Helmets are very important in preventing head injury as it is common for snowboarders to fall and injure their heads. There are different types of helmets from lightweight to heavyweight, with venting or no venting, with or without ear flaps, as well as different styles. It is important to choose a helmet that fits you snuggly, is comfortable and not too heavy.

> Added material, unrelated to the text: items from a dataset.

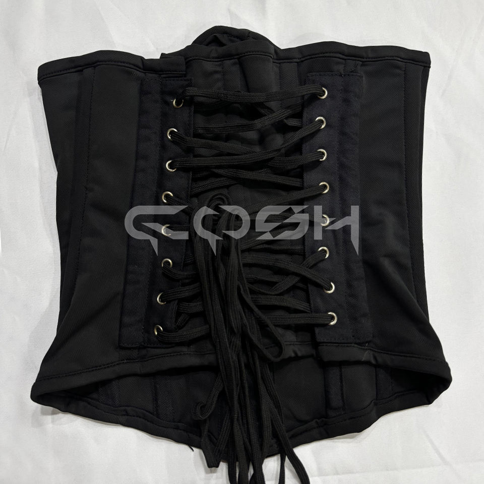 คอร์เซ็ตตาข่ายสีดำระบายอากาศได้ดี โครงเหล็กเสริมใต้หน้าอก พร้อมตัวล็อคด้านหน้า | ซื้อเลย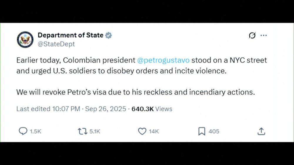 The US State Department said Friday it would revoke the visa of Colombia's leftist President Gustavo Petro for his "incendiary actions" during a pro-Palestinian street protest in New York. "Earlier today, Colombian president stood on a NYC street and urged US soldiers to disobey orders and incite violence," the State Department said in a social media.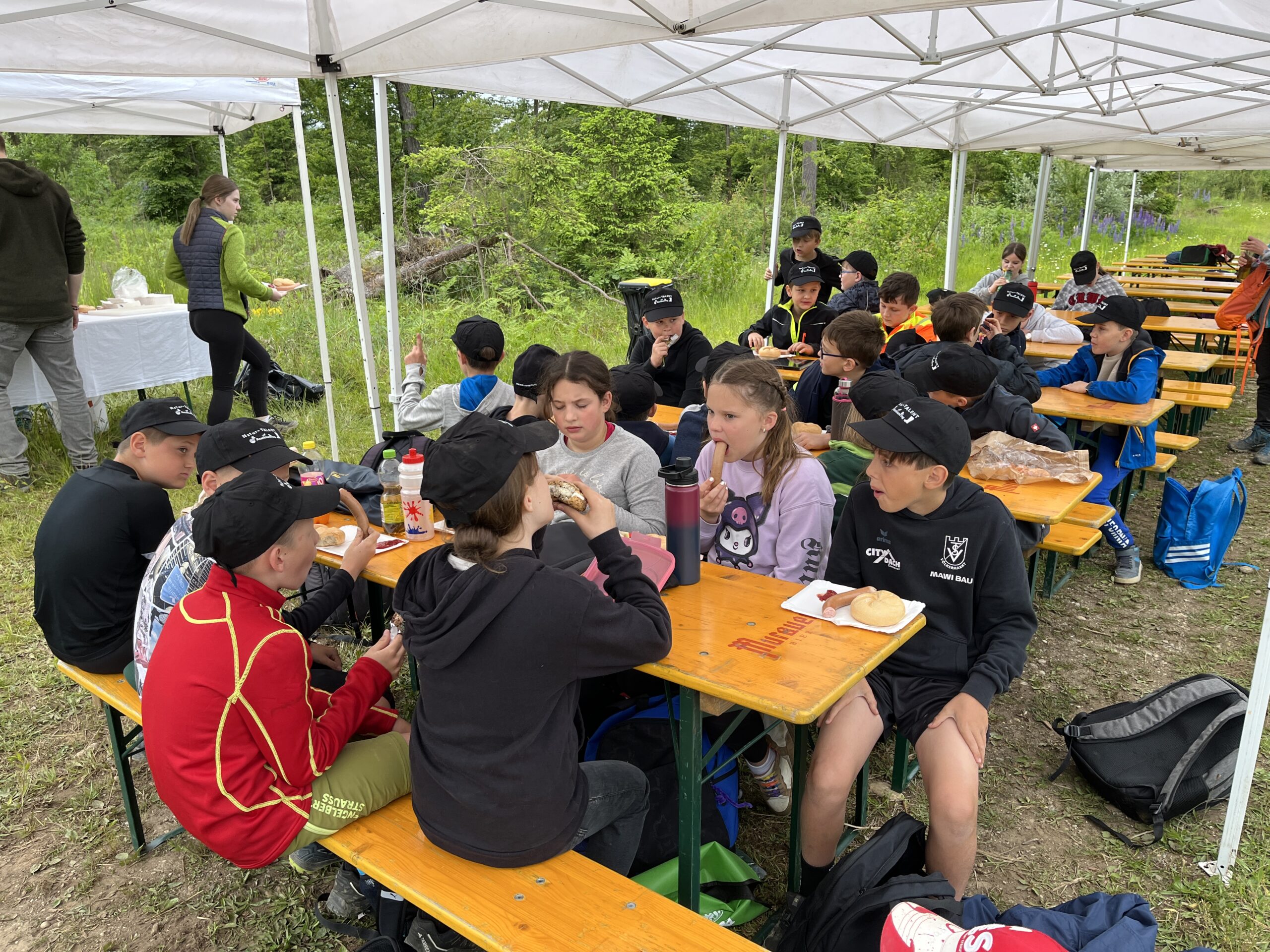 Als Dankeschön bekamen wir ein Käppi und leckere Frankfurter! Die fleißigen Kinder der 3. und 4. Klasse

There are three kinds of snowboarding boots that differ in the support they give to the ankle and foot. Soft boots are used by most snowboarders and offer sufficient stability and flexibility. Hard boots are usually worn by racers and provide ample ankle support. Hybrid boots have the support of hard boots with the comfort and maneuverability of soft boots. It is important to choose the right footwear for the particular snowboarding activity that you will undertake, i.e. beginner, racer, etc. as each of these boots place the body under different injury risks. Soft boots present twice the risk of ankle injury compared to hard boots due to their moderate ankle support, however hard boots present twice the risk of knee injury than soft boots because they offer less movement. Hiking boots must never be used as they can lead to serious injury. It is important to note that boots and bindings must be bought together as the choice of boots depends on what type of bindings you want to use such as step in bindings or strap bindings.

Wrist and Elbow guards

Wrist guards help support the wrist and are available in different styles for over and inside the glove as well as integrated into the glove. Wrist guards used for inline skating and skateboarding can also be used for snowboarding. Elbow guards help to protect the elbows from bruising and fractures.

Knee and tailbone pads

Knee pads help to protect the knees from bruising, and should be worn if you have weak knee caps. Tailbone pads help to protect the tailbone and should be worn with beginners, as they frequently fall backwards.

Padded jackets and pants

Padded jackets and pants help to prevent other parts of the body from bruising.


Goggles help to keep the snow and wind out of your eyes. They also protect the eyes from the harmful rays of the sun which are also reflected by the snow. If you are wearing a helmet and goggles make sure that the goggles fit comfortably with the helmet. Follow these snowboard safety tips and you will have the ultimate pain free snowboarding experience!